Query regarding HUMAnN2

  • I have installed HUMAnN2 from bioconda and downloaded respective Metaphlan data base (mpa_v20_m200), Chocophlan database (full_chocophlan_plus_viral.v0.1.1.tar.gz) and uniref90 database (uniref90_annotated.1.1.dmnd).
  • I merged the paired end reads through flash.
  • I run the command humann2 --input merged.fastq --output humann2_out.
    -Though my sample is rice paddy soil sample (highly diverse), only 10 species were detected after the successful completion of Metaphlan run. Why ?
  • Among them only two are selected for functional annotation. Why ?
  • The command is running from last 24 hr, how much time it generally take to complete analysis.
  • Am I doing something wrong or something is missing ?

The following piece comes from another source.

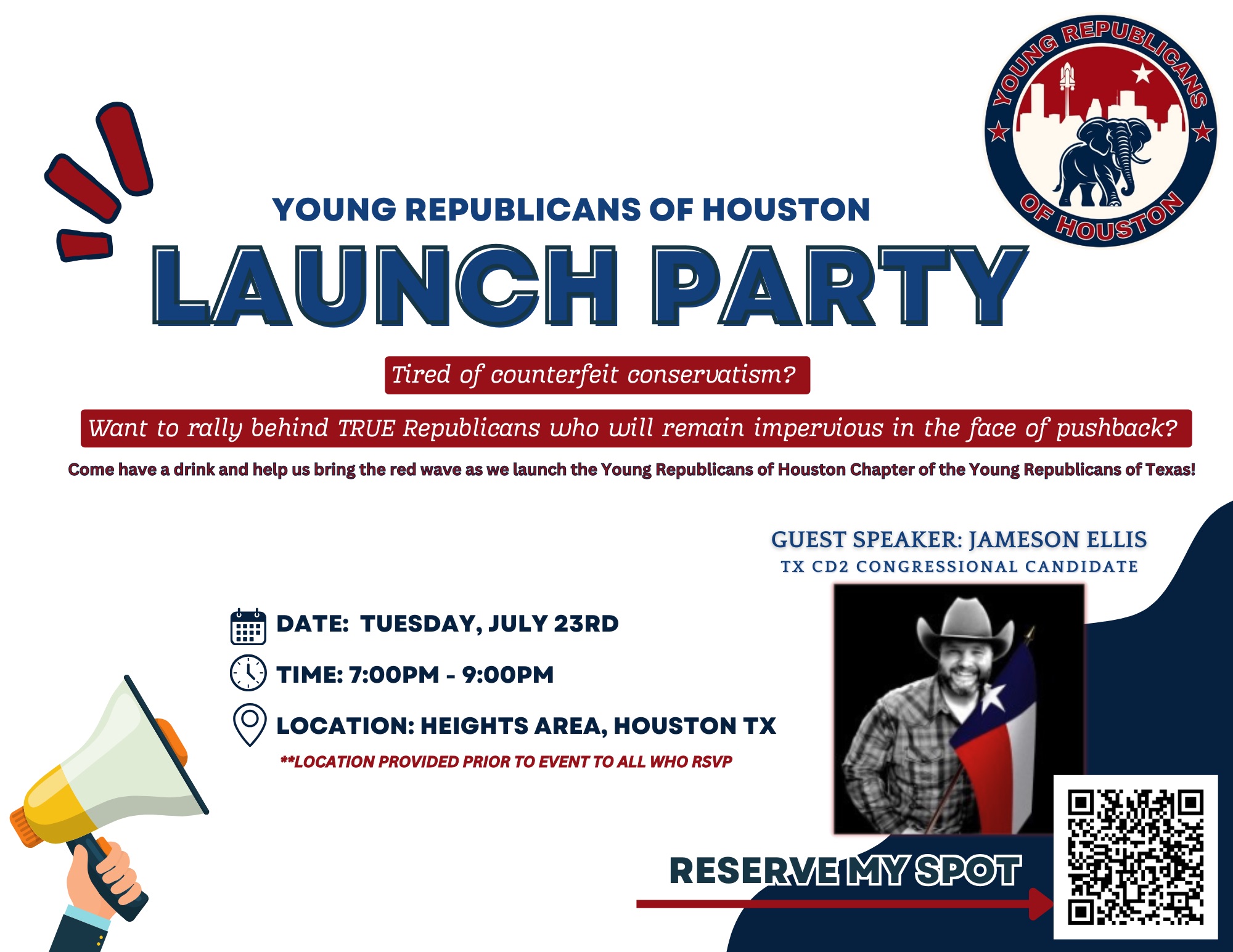 Young Republicans of Houston Launch Party + Add to Google Calendar + iCal / Outlook export Date Jul 23 2024 Expired! Time 7:00 pm - 9:00 pm Share this event
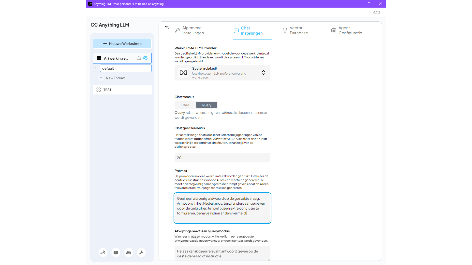 In het tabblad Chat Instellingen kies je een specifieke LLM Provider of stel je de Chatmodus in. Standaard staat dit op Chat, maar met de optie Query gebruikt het systeem uitsluitend je eigen documentcontext voor responses, zonder de getrainde dataset van de LLM te raadplegen. Hier bepaal je ook hoeveel eerdere chats worden meegenomen (standaard 20) en met welke achterliggende prompt de werkruimte rekening moet houden.

Please suggest, what should I do ?

I think all of these issues are related to a lack of known species in your community relative to the tools’ databases. The reason why only a subset of the detected species are used for functional profiling is that some detected “species” are of the form s__Genus_unclassified, for which we do not have a species pangenome for mapping. As a result, most of your reads will be forwarded to translated search, which is considerably slower than nucleotide-level mapping (~2 hrs per 10M reads using 8 threads). Because of these issues, I’d recommend running with UniRef50 rather than UniRef90 in order to map more reads to homologs of known proteins.

Thanks @franzosa for your suggestions.